Strengthening and Targeted Rehabilitation for Optimal Neuromuscular Gains for chronic BACK pain (STRONG-BACK): protocol for a randomised controlled trial in participants with primary nociceptive pain drivers.

The trial will enroll 106 participants with chronic low back pain and a predominant nociceptive pain profile, randomized 1:1 to two exercise interventions.

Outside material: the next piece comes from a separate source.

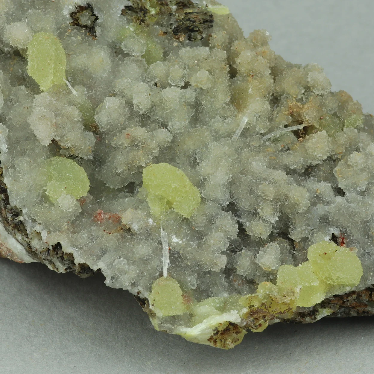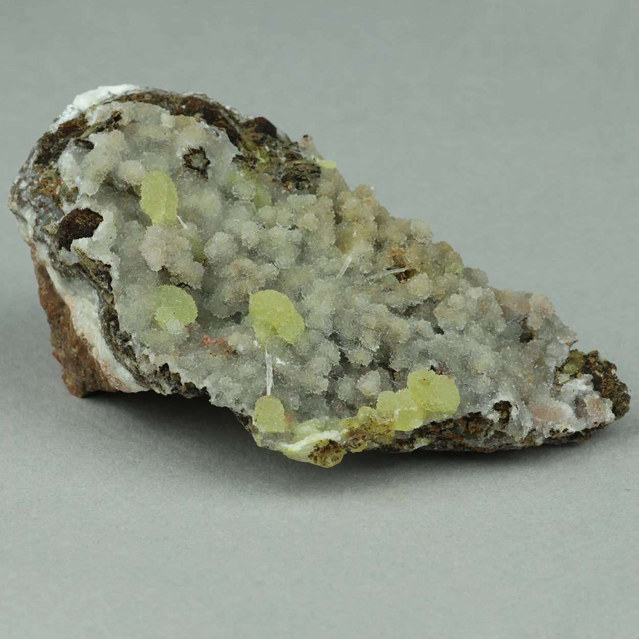 Good, representative example of yellow adamite on calcite from the famous find of 2017. From my personal collection, #174.

• Participants will be recruited through primary and secondary care.
• Randomization ratio is 1:1 to either MC+ILEX or free-weight resistance training.
• Sample selection uses the Pain and Disability Drivers Management Model (PDDM) and the Lumbar Spine Instability Questionnaire (LSIQ) to identify a homogenous nociceptive pain profile subgroup.
• The targeted care approach is intended to identify participants more likely to respond to the interventions.

Both intervention arms will consist of 48 exercise sessions delivered over 16 weeks.

• Arm 1 involves motor control plus isolated lumbar extension exercises (MC+ILEX).
• Arm 2 involves free-weight resistance training.
• The duration of 16 weeks was chosen to reflect evidence that effective exercise interventions should be of sufficient duration.
• The trial is registered under ISRCTN14864451.

The primary outcome is LBP-related disability at 16 weeks, measured by the Oswestry Disability Index.

• Disability will be assessed at the 16-week endpoint.
• Linear mixed-effects models will be used to assess primary and secondary outcomes.
• The primary aim is to compare the effectiveness of MC+ILEX versus free-weight resistance training in reducing LBP-related disability.

Secondary outcomes encompass multifidus muscle composition and size, lumbar and gluteal muscle strength, hip range of motion, pain, physical and mental function, satisfaction and recovery, health-related quality of life, sleep quality, and physical activity levels.

• Changes in multifidus composition will be examined as a potential mediator of disability improvements.
• Regression analyses will explore whether baseline LSIQ scores moderate treatment effects on multifidus composition and other outcomes.
• Sex/gender will also be explored as a moderator of treatment response.
• Baseline LSIQ scores will be examined as a moderator of treatment response.

A mixed-methods design is incorporated, with a qualitative component involving semistructured interviews in a subsample of participants before and after the intervention.

• Qualitative interviews will explore illness perceptions, illness mindsets, perceptions of exercise therapy, and experiences and satisfaction with the two exercise interventions.
• Reflexive thematic analysis will be used to analyse qualitative data.
• The qualitative component aims to investigate participants' perceptions and experiences of exercise therapy.

Exercise therapy is described as the most recommended treatment for chronic low back pain but with evidence supporting only modest effects, attributed to heterogeneity of patient presentations.

• Systematic reviews emphasise that effective exercise interventions should be patient centred, target paraspinal muscle health, and be of sufficient duration.
• Evidence suggests that matching individuals to the most appropriate exercise type could improve outcomes.
• The trial design addresses these gaps using a targeted care approach to identify a more homogenous sample.